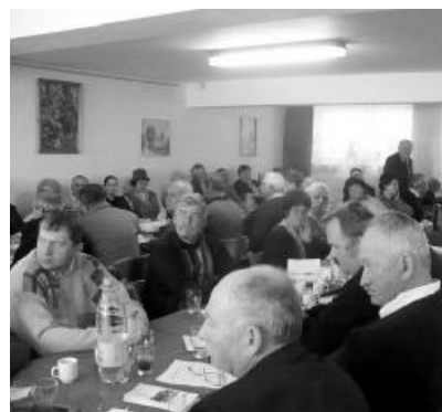
Hatvanhároman vettek részt a váradi-velencei egyházközséghez tartozó Agnelli Dei Református Szociális Központban tartott közgyűlésen

2009-es V. Partiumi Presbiter Konferenciát az Aradi Egyházmegye vállalta
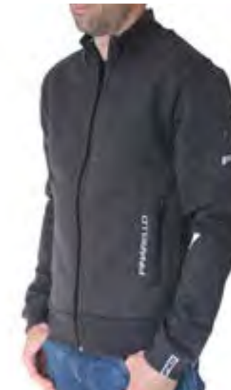
CHAQUETA FIO HOMBRE Gris - Negro
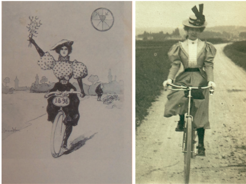
FIGURE 10 : Hansi (Jean-Jacques Waltz), dessin pour carte postale, 1898 et Jeanne Rozerot, également vers 1898. (Émile-Zola et Massin 1979) © Tous droits réservés. Le bouleversement de la vie privée d'un écrivain rejoint ici l'imaginaire médiatique et technique de toute une époque : le mouvement perpétuel des roues de la bicyclette nous assure que le changement - entre autres rendu visible par la jupe-culotte - est là pour de bon.
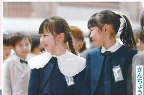
ひらがな きんぎょの おね
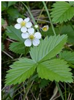
Skov-jordbær ( Fragaria vesca ) Blomstrer maj-juli
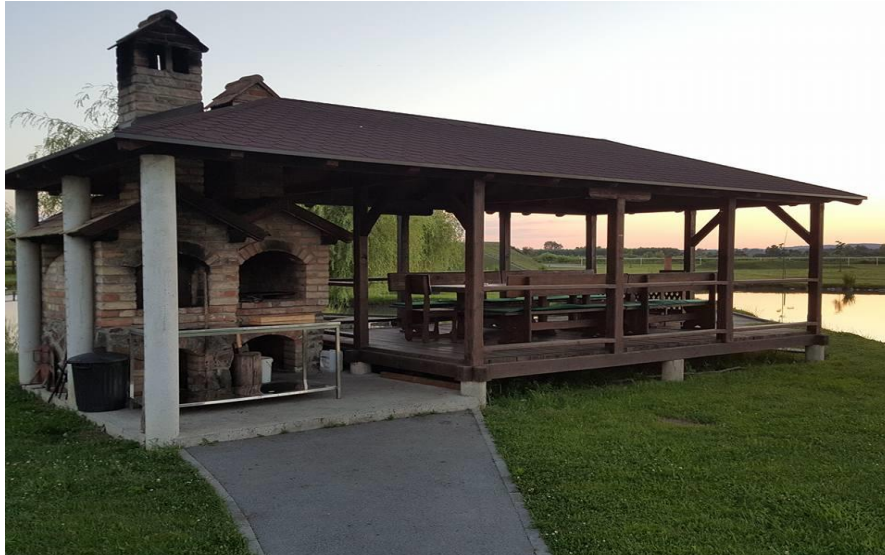
Slika 12. Sjenica s roštiljem i krušnom peći

Ako je pak riječ o većem slavlju, na raspolaganju je „klet“ kapaciteta za 80 ljudi, pogodna za proslave kao što su zaruke, krštenje, rođendani, itd. (Slika 13.).
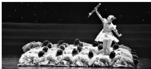
10月22日舞蹈专场现场。

晨报讯(记者 王帅)10月20日~22日,由省教育厅主办、市教育局承办的省第四届中小学生艺术展演活动在市艺术中心举行,我市选送的合唱《喊巴山,喊清江》、音乐剧《给我一缕春风》参加了艺术表演类节目现场展演。

- _PROBLEM REQUIREMENTS_: Copy the lines from the one with "10月22日舞蹈专场现场。" through the last line of the material above, exactly as they are and with no others.

- _EXERCISE SOLUTION_:
10月22日舞蹈专场现场。

晨报讯(记者 王帅)10月20日~22日,由省教育厅主办、市教育局承办的省第四届中小学生艺术展演活动在市艺术中心举行,我市选送的合唱《喊巴山,喊清江》、音乐剧《给我一缕春风》参加了艺术表演类节目现场展演。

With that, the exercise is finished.